*Aim of the task*:
The answer must be the full data, restated word for word, with no pictures in it.

----- Records for this task

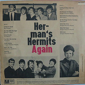 | A popular English beat / pop band, formed in 1963 in Manchester as Herman & The Hermits. Rare German only 14-track compilation album, including songs "A Must to Avoid", "Listen People", "Hold On", "Leaning on the Lamp Post" and "Gotta Get Away". Electronically enchanched for 'stereo', I should think.
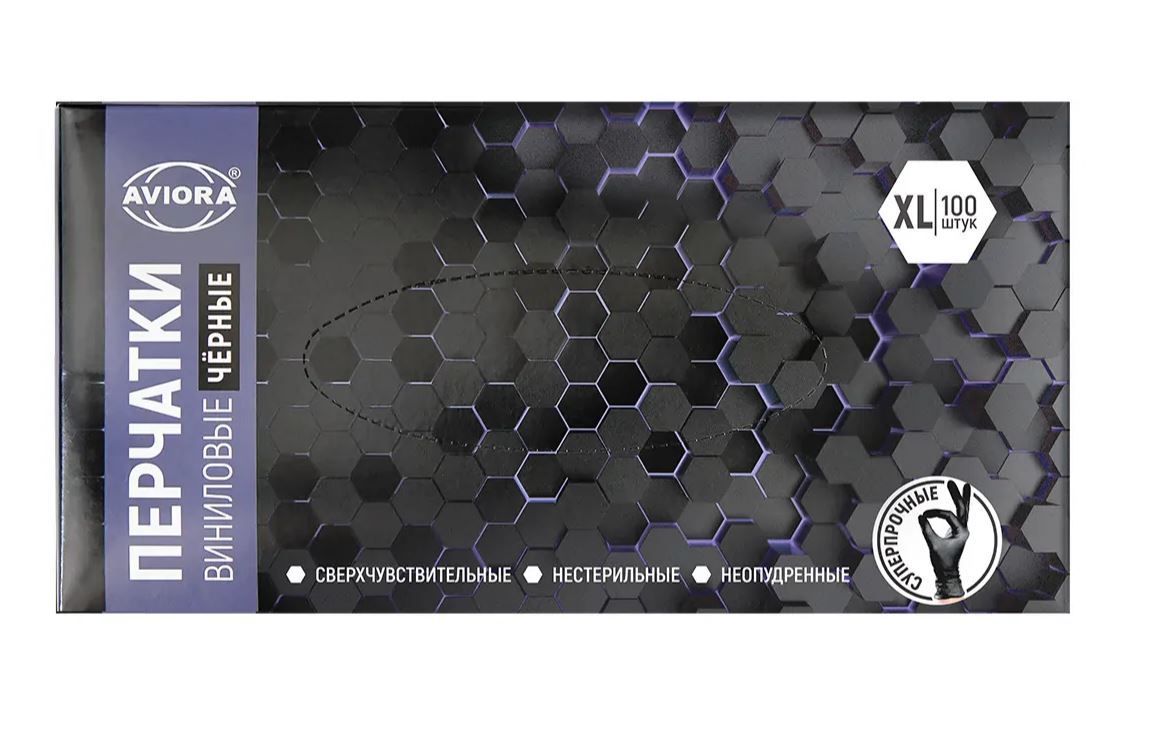 Перчатки смотровые виниловые неопудренные Aviora черные XL 4,5гр 50/500 купить оптом и в розницу в Перми с доставкой
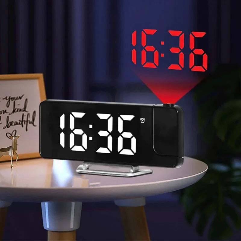 Urządzenie wyposażone jest w czytelny, jasny ekran LED, który zapewnia doskonałą widoczność nawet w nocy. Funkcja projekcji jest regulowana, co pozwala dopasować ją do indywidualnych preferencji użytkownika. Jego nowoczesny design i kompaktowa forma sprawiają, że idealnie wpisuje się w każde wnętrze sypialni.
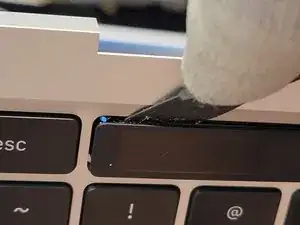 Этот метод защищает рамку под Touch Bar от царапин, устраняет риск «расплавления» клавиш от растворителя клея и может позволить повторно использовать Touch Bar.
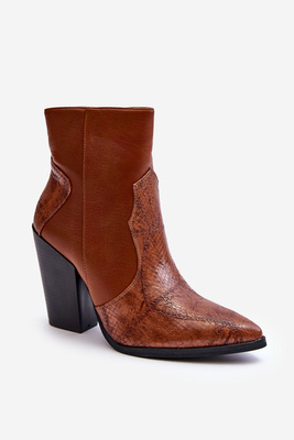 +10Damskie Skórzane Botki Na Słupku Maciejka 04492-14 Ciemnobeżowe
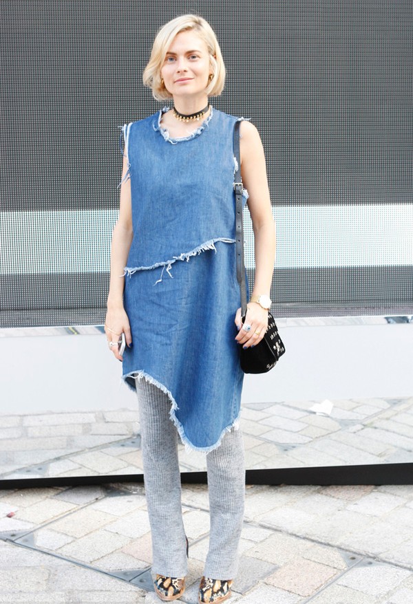 牛仔连衣裙搭配点睛项圈可以增添优雅的感觉,不会显得服装过于休闲。

----------

*Exercise response*:
 | A popular English beat / pop band, formed in 1963 in Manchester as Herman & The Hermits. Rare German only 14-track compilation album, including songs "A Must to Avoid", "Listen People", "Hold On", "Leaning on the Lamp Post" and "Gotta Get Away". Electronically enchanched for 'stereo', I should think.
 Перчатки смотровые виниловые неопудренные Aviora черные XL 4,5гр 50/500 купить оптом и в розницу в Перми с доставкой
 Urządzenie wyposażone jest w czytelny, jasny ekran LED, który zapewnia doskonałą widoczność nawet w nocy. Funkcja projekcji jest regulowana, co pozwala dopasować ją do indywidualnych preferencji użytkownika. Jego nowoczesny design i kompaktowa forma sprawiają, że idealnie wpisuje się w każde wnętrze sypialni.
 Этот метод защищает рамку под Touch Bar от царапин, устраняет риск «расплавления» клавиш от растворителя клея и может позволить повторно использовать Touch Bar.
 +10Damskie Skórzane Botki Na Słupku Maciejka 04492-14 Ciemnobeżowe
 牛仔连衣裙搭配点睛项圈可以增添优雅的感觉,不会显得服装过于休闲。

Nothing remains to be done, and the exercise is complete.